Below this line are records; write out exactly the lines from the one containing "Nos villas familiales" through the one containing "17 март 2023", with the pictures left out.

— Exercise inputs —
*** Begin section ***
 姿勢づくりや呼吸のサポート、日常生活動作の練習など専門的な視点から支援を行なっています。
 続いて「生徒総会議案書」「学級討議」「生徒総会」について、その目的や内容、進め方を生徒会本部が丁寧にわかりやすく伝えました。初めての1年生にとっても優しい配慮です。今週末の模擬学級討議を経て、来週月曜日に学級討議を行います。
*** End section ***
*** Begin section ***
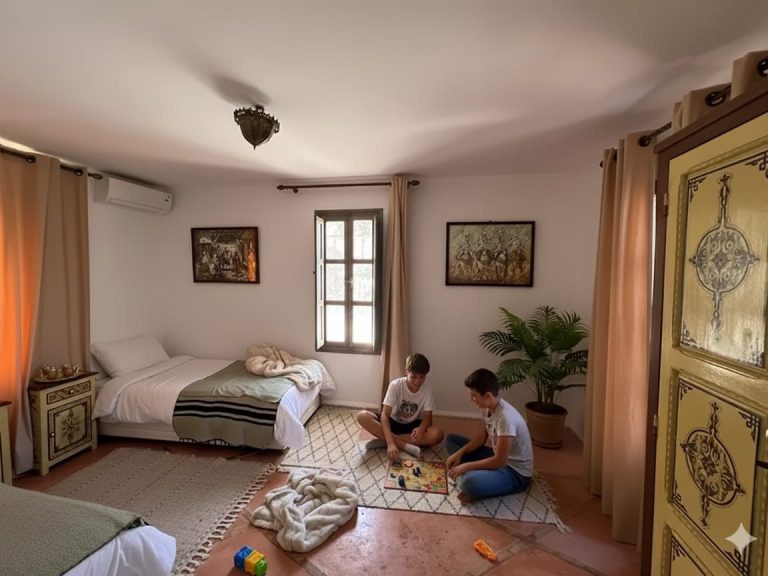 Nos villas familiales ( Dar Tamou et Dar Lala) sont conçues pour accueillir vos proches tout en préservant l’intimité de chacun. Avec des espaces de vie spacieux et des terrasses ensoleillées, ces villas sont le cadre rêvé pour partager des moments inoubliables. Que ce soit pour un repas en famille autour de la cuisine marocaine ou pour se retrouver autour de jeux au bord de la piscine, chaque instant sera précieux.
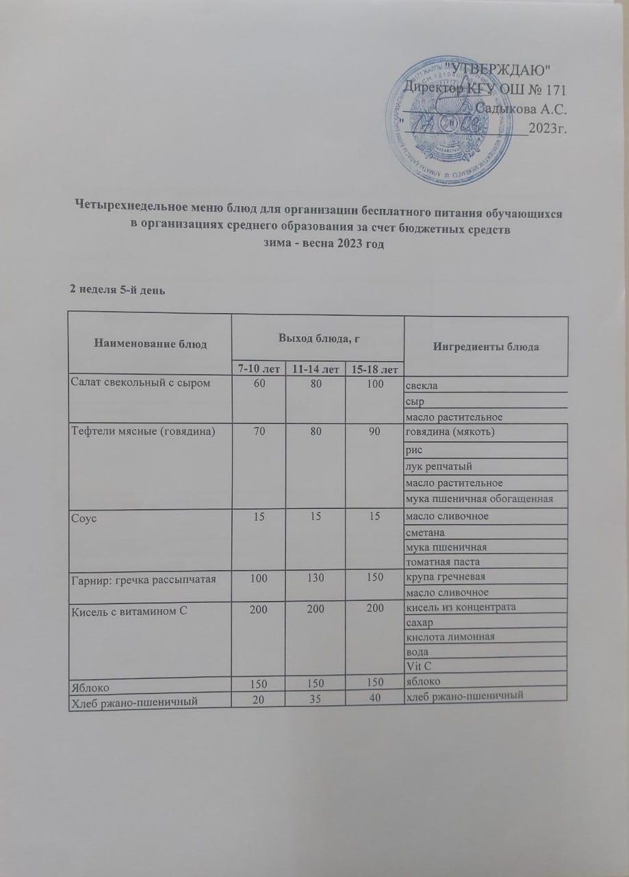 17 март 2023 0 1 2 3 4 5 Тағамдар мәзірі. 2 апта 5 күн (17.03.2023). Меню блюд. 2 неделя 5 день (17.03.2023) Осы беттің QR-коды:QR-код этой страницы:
*** End section ***
— Problem solution —
 Nos villas familiales ( Dar Tamou et Dar Lala) sont conçues pour accueillir vos proches tout en préservant l’intimité de chacun. Avec des espaces de vie spacieux et des terrasses ensoleillées, ces villas sont le cadre rêvé pour partager des moments inoubliables. Que ce soit pour un repas en famille autour de la cuisine marocaine ou pour se retrouver autour de jeux au bord de la piscine, chaque instant sera précieux.
 17 март 2023 0 1 2 3 4 5 Тағамдар мәзірі. 2 апта 5 күн (17.03.2023). Меню блюд. 2 неделя 5 день (17.03.2023) Осы беттің QR-коды:QR-код этой страницы:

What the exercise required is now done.